- Isunigu Location in South Carolina
- Country: United States
- State: South Carolina
- County: Oconee

= Isunigu =

Human settlement in South Carolina, United States of America

Isunigu (also called Seneca, Esseneca, and Sinica) was a Cherokee town on the Keowee River. It was on the west side of the Keowee River, near the mouth of Coneross Creek, in today's Oconee County, South Carolina. Present-day Clemson and Seneca, South Carolina later developed near here.

During the colonial period, Isunigu was classified by English traders and colonists as one of the Cherokee "Lower Towns", a geographical grouping that included Piedmont towns along the Keowee River in southwestern South Carolina and towns along the Tugaloo River in northeastern Georgia. The principal town of this grouping was considered to be Keowee, on the river of the same name. In the late 18th and early 19th centuries, the Cherokee ceded their land of the Lower Towns to South Carolina.

Andrew Pickens developed his "Hopewell" plantation on the east side of the Keowee River. Following the American Revolution and conflict between the Cherokee and European Americans, this was where the 1785 Treaty of Hopewell was signed by both parties.

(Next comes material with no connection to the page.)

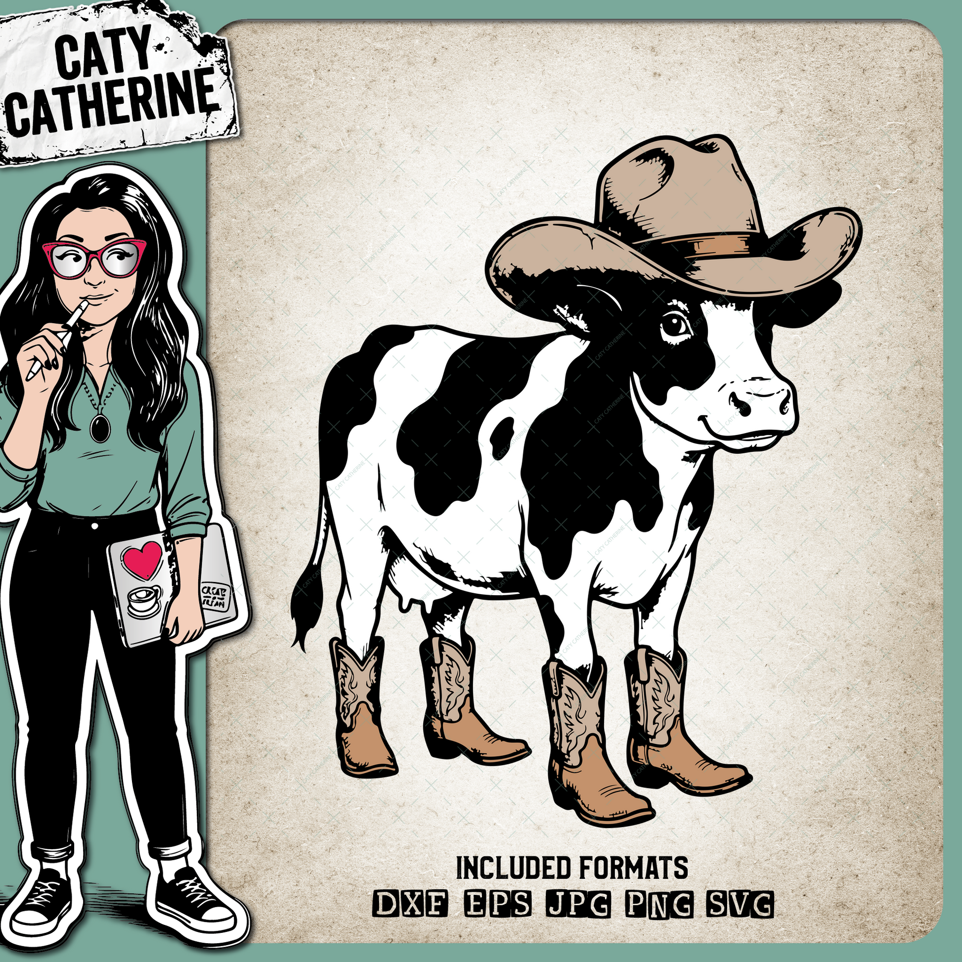 • Cow wearing Cowboy Hat & Cowboy Boots – Western SVG Design by Caty Catherine

The site of Isunigu, a settlement that likely had more than a thousand years of previous indigenous habitation, as did other towns in the area, was flooded by the creation in the 20th century of Lake Hartwell. It was formed as the reservoir behind Hartwell Dam on the Keowee River. The meaning of the name Isunigu is lost, along with the artifacts and other materials from prehistoric and historic years now submerged under Lake Hartwell.